Starting Baby On Solids
Many mothers start by spoon-feeding, or even, the first few times, by offering a little taste from their finger.
Others wait until their baby picks up food for himself. If your baby likes it, give a little more.
When giving your baby anything other than root vegetables for the first time, don't give it again for four days, so you can see whether he develops any symptoms (such as diarrhoea, a runny nose, or a rash) that could mean he's sensitive to it. It also gives him the chance to get used to each new taste.
After the first two or three weeks, you can give two or more foods in the same meal. However, some babies (like some adults) prefer foods to be kept separate. Be sensitive to your baby's appetite and let him guide how much you give.

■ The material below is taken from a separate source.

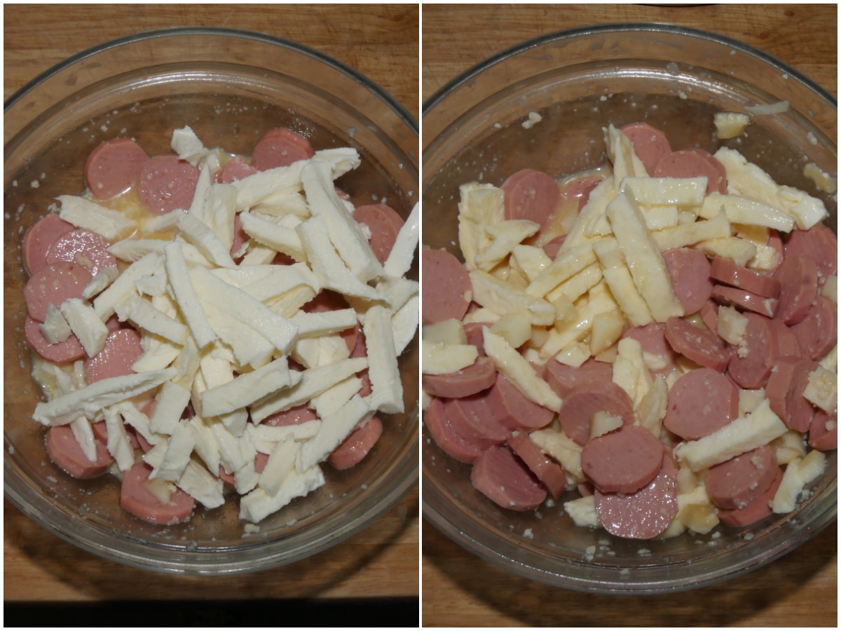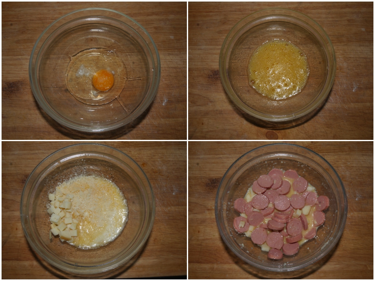 Sbattete le uova con un pizzico di sale e 2/3 del parmigiano, poi aggiungete scamorza e wurstel.

Spoon-feedingGive your baby the breast first, then offer food in a spoon with a fairly flat bowl. Put the laden spoon into his mouth, then gently withdraw it against the upper gum and lip so some of the food stays in his mouth. He may try to suck in some of the food from the spoon. End by giving another drink of milk from your breast.
Choose a food that's soft enough to swallow easily. Babies start chewing at around six months, and as they become more used to it you can give them gradually more lumpy foods. However, the average baby doesn't become efficient at chewing for another month or so.
Finger foodsSome inquisitive six-month-olds like to investigate by grasping food from their mother's hand or plate. This is fine as long as it's suitable and not too hot. Good 'finger foods' to pick up and suck on, chew or bite include any raw fruit, such as a large piece of peeled apple, a rusk of baked wholemeal bread, or anything hard that won't be likely to break into pieces and choke him. He'll probably like the taste and will eat some of it by gradually dissolving it in his mouth.
Many babies love the new sensations involved in eating solids. They smack their lips and look for more at once. Others are taken by surprise, but a screwed-up face or a look of amazement doesn't necessarily mean your baby doesn't like the food, just that it's unfamiliar. Wait a moment, so he doesn't feel pressured, then try again. A lot of what goes in his mouth will probably come out again, but simply scoop this up gently from the chin with the spoon.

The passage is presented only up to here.